New in USeq 8.6.1 (Jun 21, 2013)

  • RandomizeTextFile
  • Added ability to process all files in a directory.
  • Gzipping output.
  • FetchGenomicSequences
  • Enabled working with gzipped fasta data
  • DefinedRegionDifferentialSeq
  • Added ANOVA-like edgeR analysis to the output for runs with more than 2 conditions.

New in USeq 8.6.0 (Jun 3, 2013)

  • NovoalignBisulfiteParser
  • Added option to parse xxx.bam files
  • Removed -u unique alignment option since this only works with native novo format and was confusing the sam folks
  • SamTranscriptomeParser
  • Fixed a bug with merging paired RNASeq datasets that was causing the strand to be incorrectly assigned to the merged alignment.

New in USeq 8.5.8 (May 18, 2013)

  • SamTranscriptomeParser
  • Modified app to gzip temp files and when a header is provided to directly write out the results without an intermediate file. Should cut down on disk usage.
  • NovoalignBisulfiteParser
  • Reduced the default thresholds for minimum base quality to 13. New bis-seq data is showing reduced qualities (probably due to different calibration) causing some datasets to show a significant reduction in data.
  • Added a fraction bases passing base quality to report out this statistic and flag such cases.
  • VCFComparator
  • Added a new spreadsheet of just dFDR and TPR for each sample when more than one to make graphing easier.

New in USeq 8.5.7 (May 18, 2013)

  • MultiSampleVCFFilter
  • Added option to filter on VQSLOD scores
  • MethylationArrayScanSeqs
  • New app for identifying DMRs from array based methylation assays. Will work for other types of array data too.

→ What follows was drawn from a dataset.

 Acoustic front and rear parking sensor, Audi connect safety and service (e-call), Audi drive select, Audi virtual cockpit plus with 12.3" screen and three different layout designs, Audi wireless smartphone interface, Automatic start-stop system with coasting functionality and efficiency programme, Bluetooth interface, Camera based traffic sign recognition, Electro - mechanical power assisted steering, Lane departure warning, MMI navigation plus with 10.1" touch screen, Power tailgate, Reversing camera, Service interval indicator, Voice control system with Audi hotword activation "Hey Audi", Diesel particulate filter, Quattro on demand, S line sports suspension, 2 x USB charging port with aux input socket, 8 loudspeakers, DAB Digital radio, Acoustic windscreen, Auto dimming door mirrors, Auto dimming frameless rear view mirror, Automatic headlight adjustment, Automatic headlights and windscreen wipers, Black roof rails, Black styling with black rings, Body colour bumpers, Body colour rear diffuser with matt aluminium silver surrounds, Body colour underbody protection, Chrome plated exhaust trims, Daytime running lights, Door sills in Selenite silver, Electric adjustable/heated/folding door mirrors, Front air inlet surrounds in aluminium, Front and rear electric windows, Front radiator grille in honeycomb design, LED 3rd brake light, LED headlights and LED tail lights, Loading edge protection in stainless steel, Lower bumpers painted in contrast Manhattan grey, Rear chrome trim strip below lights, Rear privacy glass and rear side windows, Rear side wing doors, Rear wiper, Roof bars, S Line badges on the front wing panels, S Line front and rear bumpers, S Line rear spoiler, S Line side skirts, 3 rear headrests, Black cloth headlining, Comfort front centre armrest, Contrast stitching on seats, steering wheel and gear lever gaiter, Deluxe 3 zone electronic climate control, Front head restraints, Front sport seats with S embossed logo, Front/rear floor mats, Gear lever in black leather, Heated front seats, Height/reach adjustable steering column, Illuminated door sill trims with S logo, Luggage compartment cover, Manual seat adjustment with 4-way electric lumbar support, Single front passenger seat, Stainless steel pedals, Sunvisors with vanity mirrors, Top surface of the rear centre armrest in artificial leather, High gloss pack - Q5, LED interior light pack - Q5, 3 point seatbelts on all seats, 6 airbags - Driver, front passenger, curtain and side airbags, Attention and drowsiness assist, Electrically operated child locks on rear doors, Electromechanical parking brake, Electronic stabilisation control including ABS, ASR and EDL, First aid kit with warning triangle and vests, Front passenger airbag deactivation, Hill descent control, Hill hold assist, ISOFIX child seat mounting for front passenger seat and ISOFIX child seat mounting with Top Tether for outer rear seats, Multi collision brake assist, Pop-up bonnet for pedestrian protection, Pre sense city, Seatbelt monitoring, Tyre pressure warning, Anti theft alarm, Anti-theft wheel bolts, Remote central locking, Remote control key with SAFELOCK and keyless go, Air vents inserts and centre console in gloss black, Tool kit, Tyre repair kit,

New in USeq 8.5.6 (Apr 19, 2013)

  • DefinedRegionRNAEditing
  • Added option to perform stranded analysis.

New in USeq 8.5.5 (Apr 18, 2013)

  • New app that cleans up big old files in user's Tomato job directories
  • Sam2USeq
  • Added mean, median, min, max coverage stats for users defined regions
  • VCFComparator
  • New app for comparing a key of trusted variant calls to a test vcf file. Generates stats for ROC curves and allows unambiguous comparisons between processing pipelines.
  • RNAEditingScanSeqs
  • Added option to perform stranded analysis.

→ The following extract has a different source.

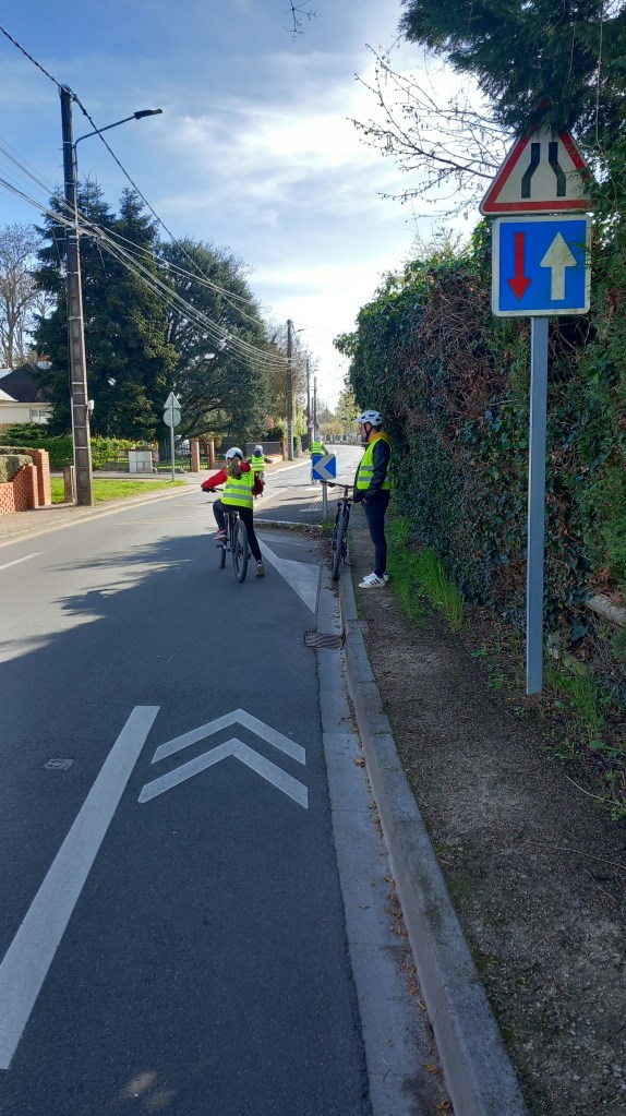 Dans mon groupe, notre mono a omis de préciser que son utilisation était optionnelle (un simple oubli, dans le second groupe l’information a bien été donnée). Nous avons croisé deux cyclistes dans l’autre sens et ils ont opté pour monter sur le trottoir (alors que ce n’est pas de leur côté).
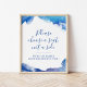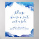 Individuell bedrucktes Hochzeitszeichen mit abstraktem blauen Wasserfarbenrand, um sich mit unserer Sapphire Tide Kollektion abzustimmen. Der Text lautet "Wählen Sie einen Platz, nicht eine Seite. Wir sind alle Familie, wenn der Knoten gefesselt ist!" Benutzen Sie die Designtools, um den Wortlaut, die Schriftart und die Farben zu bearbeiten, oder laden Sie Ihre eigenen Fotos hoch, um ein einzigartiges Hochzeitszeichen zu schaffen.

New in USeq 8.5.4 (Mar 26, 2013)

  • MultiSampleVCFFilter
  • New app for splitting multiple sample vcf file(s) records into those that pass or fail a variety of conditions and sample level thresholds
  • DefinedRegionDifferentialSeq
  • Set the validation strigency on the Picard SAMReaders to silent

New in USeq 8.5.3 (Mar 26, 2013)

  • DefinedRegionRNAEditing
  • New app for scoring user defined regions for RNAEditing, similar stats to RNAEditingScanSeqs

New in USeq 8.5.2 (Mar 26, 2013)

  • RNAEditingScanSeqs
  • Added FDR estimation for clustered edited sites
  • AggregatePlotter
  • Added check for regions calling for non existent point data

New in USeq 8.5.1 (Mar 26, 2013)

  • MergePairedSamAlignments
  • Fixed bug when merging bam files where double line returns where causing Picard's SortSam to error out.
  • VCFTabix
  • New app for recursing through directories and tabix indexing vcf files
  • USeq2UCSCBig and UCSCBig2USeq
  • Added new options for skipping for forcing overwrite of already converted files
  • Added options to silence all but error messages
  • CalculatePerCycleErrorRate
  • Added ability to work with unsorted sam files
  • Added option to require read names start with a given prefix. Novoalign is adding in some junk reads to their output?
  • MergeUCSCGeneTable
  • Fixed bug where 1bp terminal exons were being skipped causing the conversion of bed12 useq files to bb to throw an error.
  • SamTranscriptomeParser
  • Fixed bug where insertions or deletions that occurred at the splice junction were causing the failure to insert an appropriate number of Ns

New in USeq 8.5.0 (Mar 26, 2013)

  • CalculatePerCycleErrorRate
  • New app for calculating the per cycle error rate from phiX alignments.
  • MergePairedSamAlignments
  • Modified so that it doesn't merge phiX alignments so that the CalculatePerCycleErrorRate app can be used on merged data.
  • Removes chrAdapt* alignments automatically, no option to not remove. These are saved to the bad alignment file.